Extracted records
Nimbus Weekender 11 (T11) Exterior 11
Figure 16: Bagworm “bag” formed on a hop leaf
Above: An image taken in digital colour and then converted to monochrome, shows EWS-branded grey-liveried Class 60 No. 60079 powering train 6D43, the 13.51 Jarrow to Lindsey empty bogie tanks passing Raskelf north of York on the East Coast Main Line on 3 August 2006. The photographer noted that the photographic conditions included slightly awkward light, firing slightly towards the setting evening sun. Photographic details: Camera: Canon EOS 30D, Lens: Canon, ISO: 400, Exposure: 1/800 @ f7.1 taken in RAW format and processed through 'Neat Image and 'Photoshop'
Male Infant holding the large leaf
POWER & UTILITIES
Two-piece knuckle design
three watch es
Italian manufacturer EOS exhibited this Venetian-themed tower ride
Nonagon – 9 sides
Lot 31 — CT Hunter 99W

---

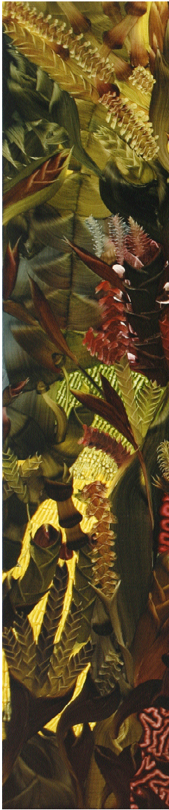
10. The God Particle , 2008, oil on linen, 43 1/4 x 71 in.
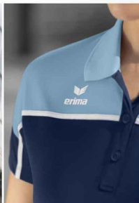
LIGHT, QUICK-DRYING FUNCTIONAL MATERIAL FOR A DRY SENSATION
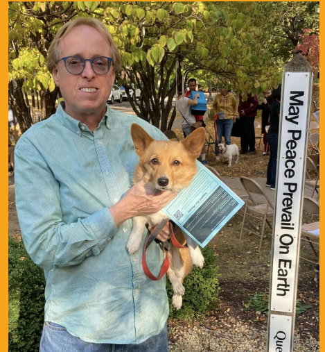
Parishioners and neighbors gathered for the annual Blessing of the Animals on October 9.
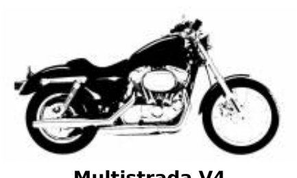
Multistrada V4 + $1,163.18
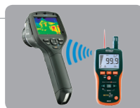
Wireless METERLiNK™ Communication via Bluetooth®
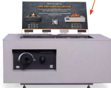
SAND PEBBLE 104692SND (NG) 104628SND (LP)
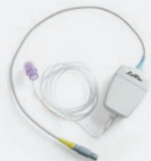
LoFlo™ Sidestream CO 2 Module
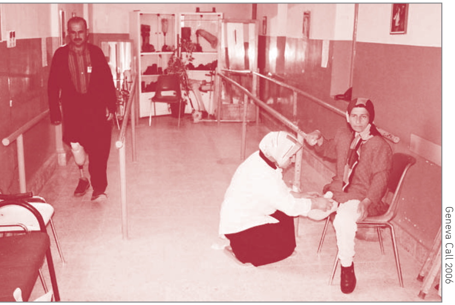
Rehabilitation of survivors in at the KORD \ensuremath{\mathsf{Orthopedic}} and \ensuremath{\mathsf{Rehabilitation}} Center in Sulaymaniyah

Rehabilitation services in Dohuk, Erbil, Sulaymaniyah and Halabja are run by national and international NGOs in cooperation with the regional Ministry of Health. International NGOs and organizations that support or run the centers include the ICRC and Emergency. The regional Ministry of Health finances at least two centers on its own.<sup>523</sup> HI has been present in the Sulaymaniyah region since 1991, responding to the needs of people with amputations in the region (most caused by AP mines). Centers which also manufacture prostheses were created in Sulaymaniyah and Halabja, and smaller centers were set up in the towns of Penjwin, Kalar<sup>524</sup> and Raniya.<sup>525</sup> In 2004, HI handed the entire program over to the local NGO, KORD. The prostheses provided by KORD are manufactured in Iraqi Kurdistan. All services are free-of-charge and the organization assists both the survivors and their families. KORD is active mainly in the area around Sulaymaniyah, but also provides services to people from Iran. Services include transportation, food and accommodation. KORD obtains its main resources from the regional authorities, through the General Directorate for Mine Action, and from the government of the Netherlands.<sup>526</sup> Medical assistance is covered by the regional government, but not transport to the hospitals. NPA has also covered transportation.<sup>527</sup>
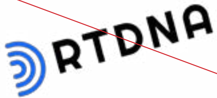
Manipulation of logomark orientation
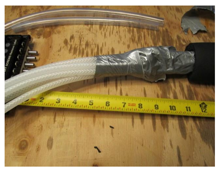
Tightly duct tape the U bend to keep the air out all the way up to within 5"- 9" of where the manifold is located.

...

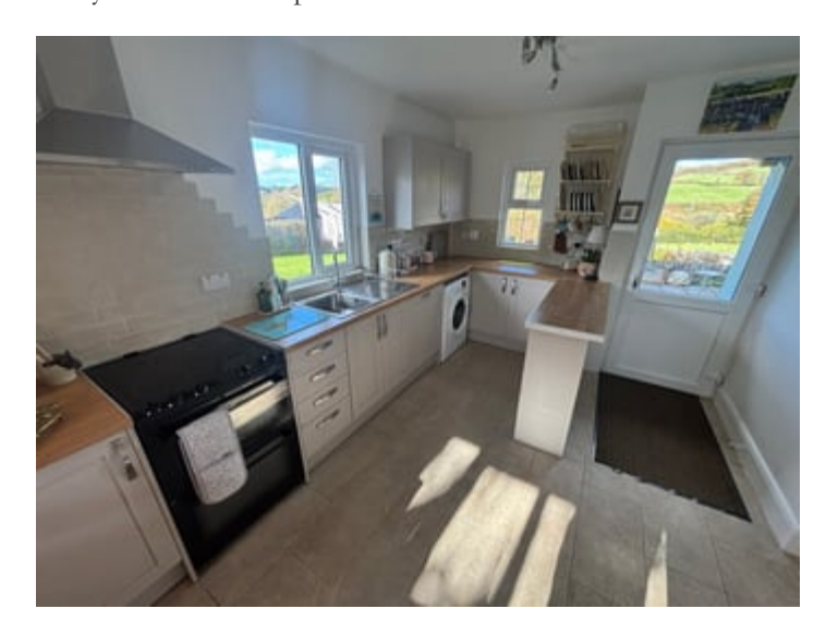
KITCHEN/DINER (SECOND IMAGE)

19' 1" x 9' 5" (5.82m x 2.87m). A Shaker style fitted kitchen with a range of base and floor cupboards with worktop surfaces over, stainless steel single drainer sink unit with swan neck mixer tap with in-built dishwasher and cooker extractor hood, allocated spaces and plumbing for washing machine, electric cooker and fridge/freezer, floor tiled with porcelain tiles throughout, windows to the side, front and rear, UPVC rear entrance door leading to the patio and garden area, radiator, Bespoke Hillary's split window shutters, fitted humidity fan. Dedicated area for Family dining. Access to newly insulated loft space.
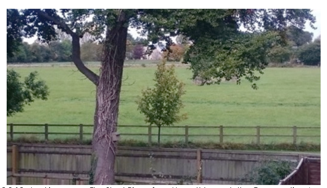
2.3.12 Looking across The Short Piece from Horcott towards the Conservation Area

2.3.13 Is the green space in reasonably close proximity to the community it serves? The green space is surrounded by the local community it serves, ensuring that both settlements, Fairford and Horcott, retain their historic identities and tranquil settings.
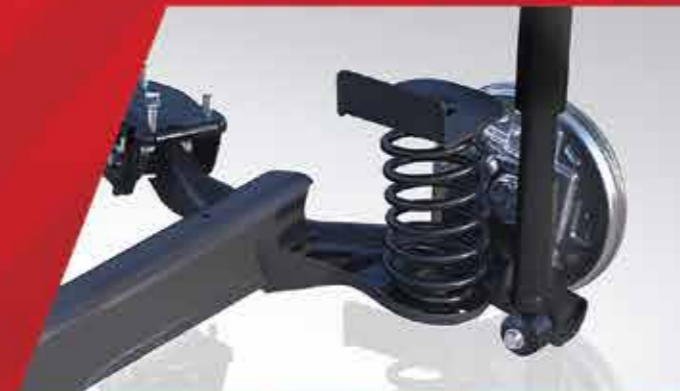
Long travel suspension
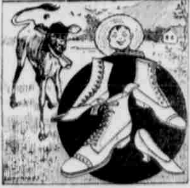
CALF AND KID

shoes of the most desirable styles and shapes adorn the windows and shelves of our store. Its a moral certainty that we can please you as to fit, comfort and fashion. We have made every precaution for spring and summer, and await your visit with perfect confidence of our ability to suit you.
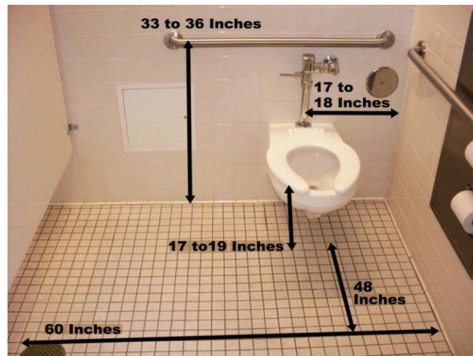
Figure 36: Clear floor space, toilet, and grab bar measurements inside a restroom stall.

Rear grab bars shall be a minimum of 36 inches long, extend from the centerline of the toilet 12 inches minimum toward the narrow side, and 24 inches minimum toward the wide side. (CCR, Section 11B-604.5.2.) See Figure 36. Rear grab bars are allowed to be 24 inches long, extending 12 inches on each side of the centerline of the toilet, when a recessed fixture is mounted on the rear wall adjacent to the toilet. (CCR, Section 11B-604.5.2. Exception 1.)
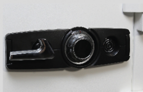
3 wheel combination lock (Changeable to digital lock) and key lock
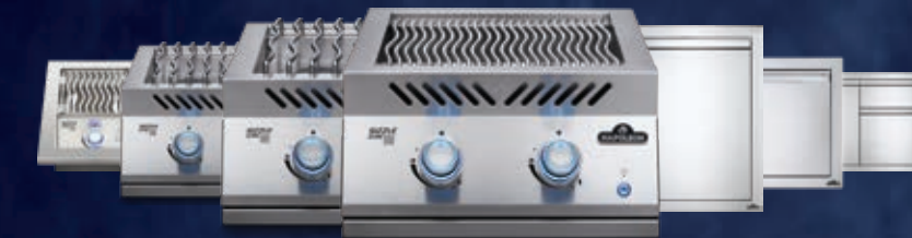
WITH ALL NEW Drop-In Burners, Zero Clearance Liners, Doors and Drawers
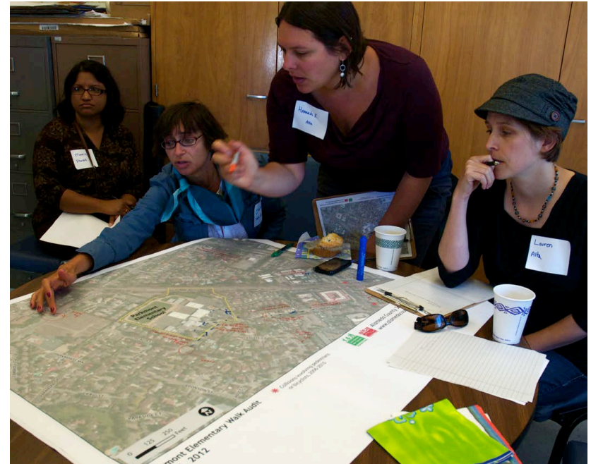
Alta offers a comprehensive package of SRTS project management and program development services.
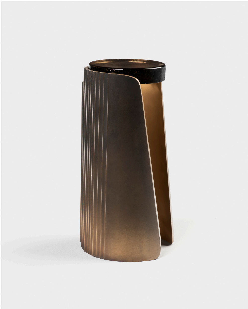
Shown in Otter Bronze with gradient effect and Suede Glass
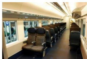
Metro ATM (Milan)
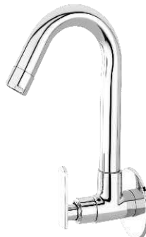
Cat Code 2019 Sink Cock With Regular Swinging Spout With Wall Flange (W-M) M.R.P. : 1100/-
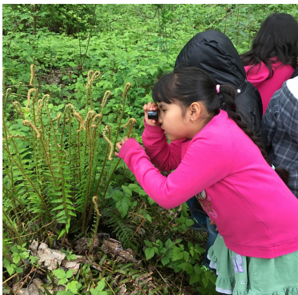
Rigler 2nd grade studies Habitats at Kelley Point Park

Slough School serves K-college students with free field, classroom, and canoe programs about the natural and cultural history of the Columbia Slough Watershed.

→ Aim of the exercise
Reproduce only the lines above spanning from the line containing "Nimbus Weekender 11 (T11) Exterior 11" through the line containing "Lot 31 — CT Hunter 99W", word for word.

→ Output below
Nimbus Weekender 11 (T11) Exterior 11
Figure 16: Bagworm “bag” formed on a hop leaf
Above: An image taken in digital colour and then converted to monochrome, shows EWS-branded grey-liveried Class 60 No. 60079 powering train 6D43, the 13.51 Jarrow to Lindsey empty bogie tanks passing Raskelf north of York on the East Coast Main Line on 3 August 2006. The photographer noted that the photographic conditions included slightly awkward light, firing slightly towards the setting evening sun. Photographic details: Camera: Canon EOS 30D, Lens: Canon, ISO: 400, Exposure: 1/800 @ f7.1 taken in RAW format and processed through 'Neat Image and 'Photoshop'
Male Infant holding the large leaf
POWER & UTILITIES
Two-piece knuckle design
three watch es
Italian manufacturer EOS exhibited this Venetian-themed tower ride
Nonagon – 9 sides
Lot 31 — CT Hunter 99W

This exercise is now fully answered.